Zobaczmy, co dalej ma do powiedzenia el-Hamalawy – a ma dużo. "Przeskok od »ekonomicznego« do »politycznego« jest nadzwyczaj łatwy w wypadku robotników z sektora publicznego. A to dlatego, że angażując się w strajk o posmarowany chleb, bezpośrednio angażują się przeciw menadżerom przyniesionym w teczce przez rząd, przyniesionym w teczce przez rząd biurokratom związkowym, rządowym siłom bezpieczeństwa. To zawsze działa jak katalizator, dzięki któremu robotnicy z sektora publicznego odnajdują generalną naturę polityczną ich walki ekonomicznej."

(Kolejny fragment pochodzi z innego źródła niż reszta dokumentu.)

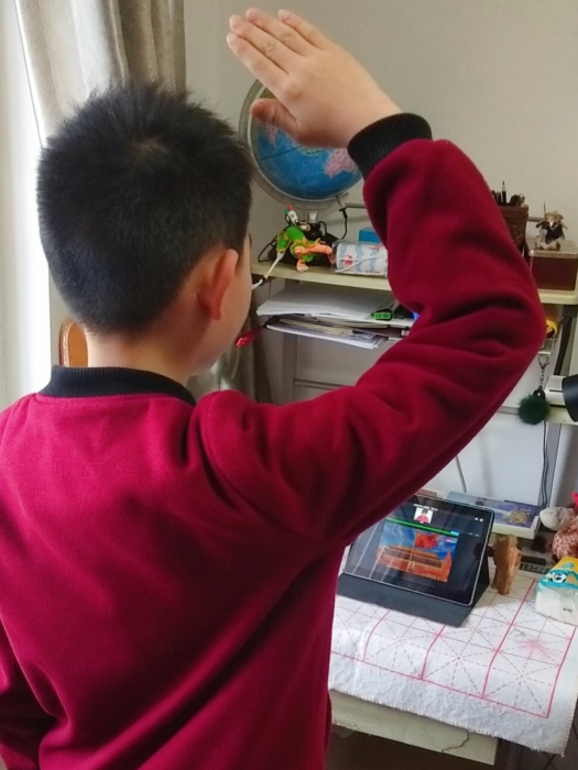 在庄严的升旗仪式中,会议拉开了帷幕。国歌响起,看着屏幕里冉冉升起的五星红旗,学子们在家中向国旗肃穆敬礼

Dalej el-Hamalawy przypomina o niesionym przez jedną z robotnic haśle antyrządowym, i wspomina o uwiecznionych na video robotnikach skandujących hasła wymierzone w Bank Światowy i kolonializm! Na ładnych parę miesięcy przed depeszą solidarnościową z Manchesteru od Geoffa Browna... Oto świadomość klasowa, która pozwala El-Hamalawiemu uderzyć w polityczną dziecinadę wszystkich mówiących o "czysto ekonomicznym" charakterze protestów robotniczych w Egipcie takimi oto słowami: "Oznacza to, że powoli wzrasta liczba robotników, którzy doszli do wniosku, że należy obalić rząd i stawić czoła porządkowi międzynarodowemu, na którego czele stoją takie instytucje finansowe jak Bank Światowy i Międzynarodowy Fundusz Walutowy, aby wygrać pulę zwykłych żądań »ekonomicznych«, które nakręciły ich akcję. Towarzysze, w sercu dzisiejszych wydarzeń w Ghazl el-Mahalla i innych fabrykach znajduje się polityka."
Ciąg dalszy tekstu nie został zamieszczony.